Learning to calculate the distance between two points with examples.

See examples

Review of the formula for the distance between two points

The formula for the distance between two points is obtained when we use the Pythagorean theorem on the Cartesian plane, where the hypotenuse of a right triangle represents the distance between the points.

Also, having the points $latex A = (x_{1}, y_{1})$ and $latex B = (x_{2}, y_{2})$, the vertical distance is equal to $latex |y_{2}-y_{1}|$ and the horizontal distance is equal to $latex |x_{2}-x_{1}|$. Therefore, when we apply the Pythagorean theorem and simplify, we have:

Formula for the distance

$latex d=\sqrt{{{(x_{2}-x_{1})}^2}+{{(y_{2}-y_{1})}^2}}$

Additionally, we can also expand the distance formula to three-dimensional space as follows:

Formula for distance in 3D

$latex d=\sqrt{{{(x_{2}-x_{1})}^2}+{{(y_{2}-y_{1})}^2}+{{(z_{2}-z_{1})}^2}}$

Distance between two points on the coordinate plane – Examples with answers

The distance formulas in 2D and 3D are used to solve the following examples. Try to solve the problems yourself before looking at the answer.

EXAMPLE 1

Determine the distance between the points (3, 2) and (6, 6) on the coordinate plane.

We write the given coordinates as follows:

  • $latex (x_{1}, y_{1})=(3, 2)$
  • $latex (x_{2}, y_{2})=(6, 6)$

Applying the distance formula with the given coordinates, we have:

$latex d=\sqrt{{{(x_{2}-x_{1})}^2}+{{(y_{2}-y_{1})}^2}}$

$latex =\sqrt{{{(6-3)}^2}+{{(6-2)}^2}}$

$latex =\sqrt{{{(3)}^2}+{{(4)}^2}}$

$latex =\sqrt{9+16}$

$latex =\sqrt{25}$

$latex =5$

The distance between the two points is 5.

EXAMPLE 2

What is the distance between the points (-1, -3) and (5, 7)?

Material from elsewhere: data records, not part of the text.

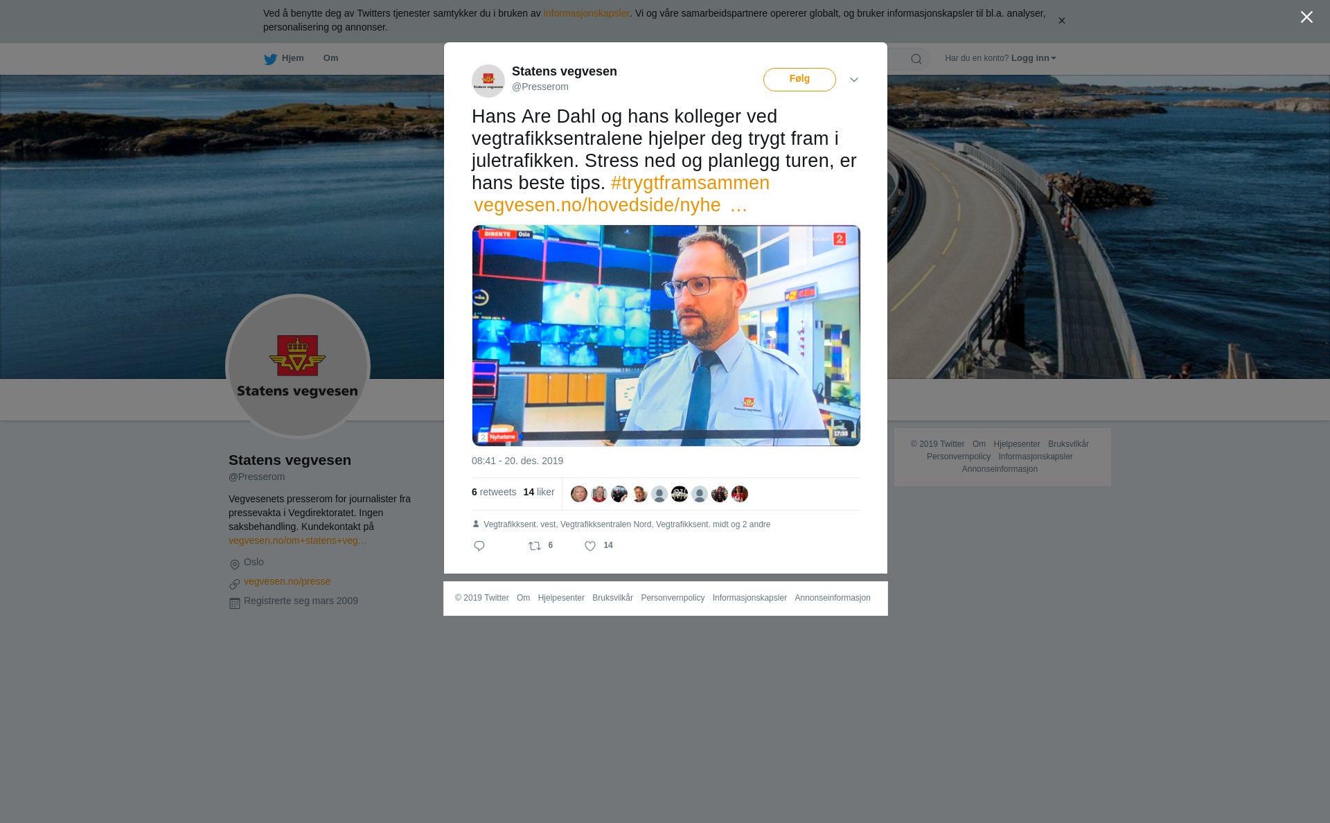 RT @Presserom: Hans Are Dahl og hans kolleger ved vegtrafikksentralene hjelper deg trygt fram i juletrafikken. Stress ned og planlegg turen, er hans beste tips. #trygtframsammen https://t.co/aLRWanob5B https://t.co/mPii1qJLSh
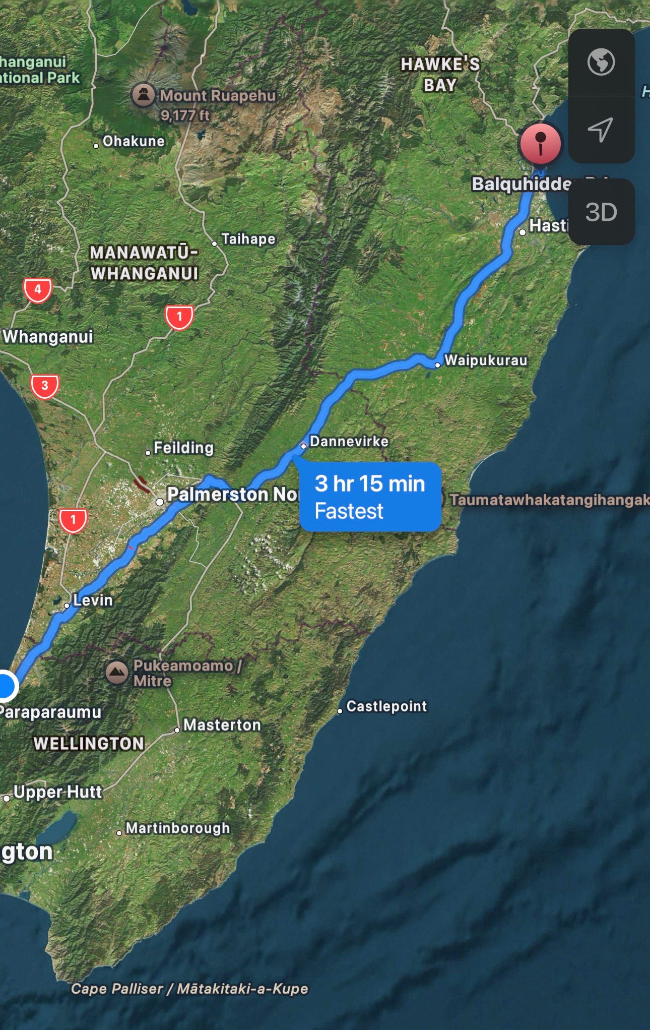 So here is the map of the complete journey I took from one coast to another. Straight through is now a little over three hours from PekaPeka.
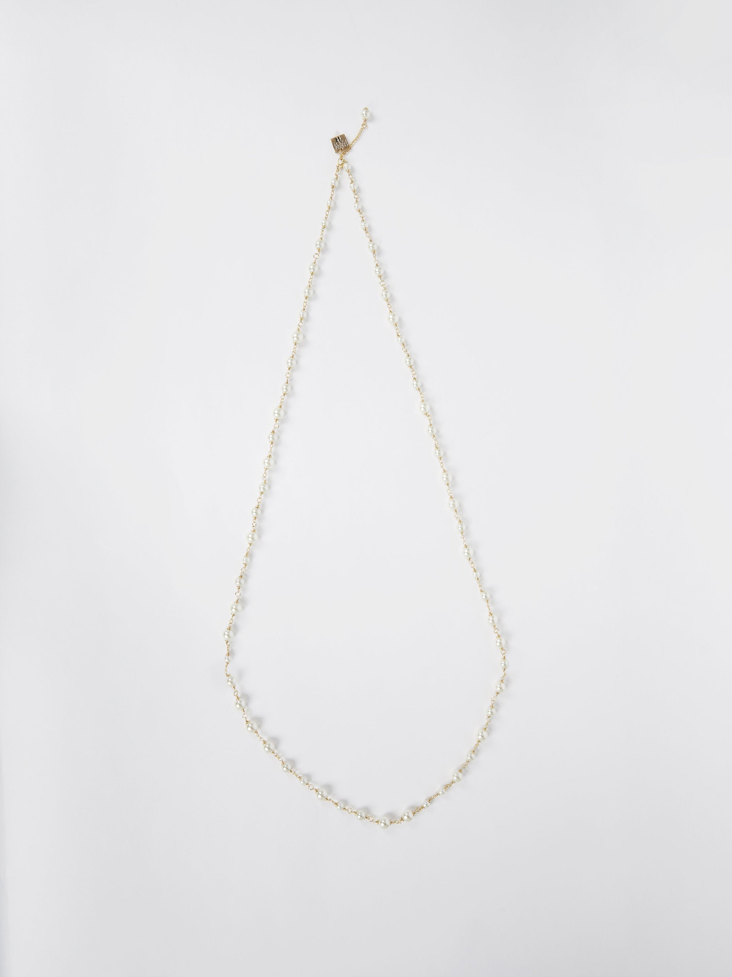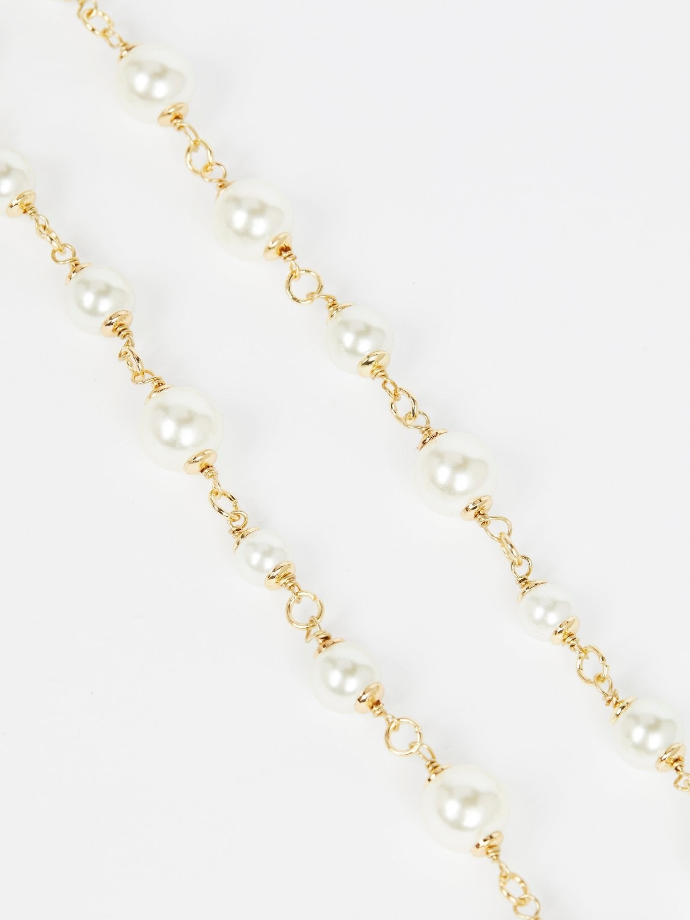 Introducing the luxurious and elegant Gold Pearl Link Necklace by Edward Achour Paris. This stunning piece of jewelry features luminous pearls gracefully dangling from a delicate golden chain, creating a timeless and sophisticated look. Perfect for any occasion, this necklace is a must-have for any fashion-forward individual who wants to add a touch of glamour and beauty to their ensemble.
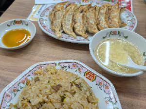 日本昔ばなしみたいな山盛り白ご飯。おなかぱんちくりん。餃子美味しかったー!
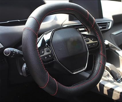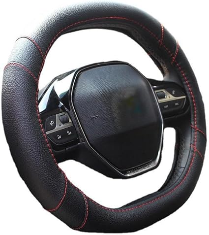 Bell Mikrofiber deri araç direksiyon kılıfı, Peugeot 3008 206 207 208 2016-2019 508 208 2019 e-208 için uygun (kırmızı çizgi)
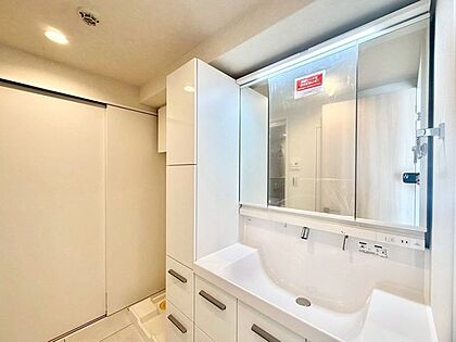 【洗面台】収納たっぷりの洗面台で、朝の支度もスムーズに!
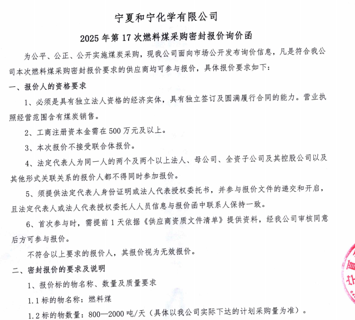 寧夏和寧化學有限公司2025年第17次燃料煤采購密封報價詢價函.pdf

We have the following values:

  • $latex (x_{1}, y_{1})=(-1, -3)$
  • $latex (x_{2}, y_{2})=(5, 7)$

In this case, we have negative coordinates. However, the distance formula applies regardless of the signs of the coordinates:

$latex d=\sqrt{{{(x_{2}-x_{1})}^2}+{{(y_{2}-y_{1})}^2}}$

$latex =\sqrt{{{(5-(-1))}^2}+{{(7-(-3))}^2}}$

$latex =\sqrt{{{(6)}^2}+{{(10)}^2}}$

$latex =\sqrt{36+100}$

$latex =\sqrt{136}$

$latex =11.66$

The distance between the points is equal to 11.66.

EXAMPLE 3

If we have the points (-4, -6) and (-1, 5), what is their distance?

We can write as follows:

  • $latex (x_{1}, y_{1})=(-4, -6)$
  • $latex (x_{2}, y_{2})=(-1, 5)$

Applying the distance formula, we have:

$latex d=\sqrt{{{(x_{2}-x_{1})}^2}+{{(y_{2}-y_{1})}^2}}$

$latex =\sqrt{{{(-1-(-4))}^2}+{{(5-(-6))}^2}}$

$latex =\sqrt{{{(3)}^2}+{{(11)}^2}}$

$latex =\sqrt{9+121}$

$latex =\sqrt{130}$

$latex =11.4$

The distance between the points is equal to 11.4.

EXAMPLE 4

We have the points (1, 2, 3) and (3, 4, 5) located in three-dimensional space. What is its distance?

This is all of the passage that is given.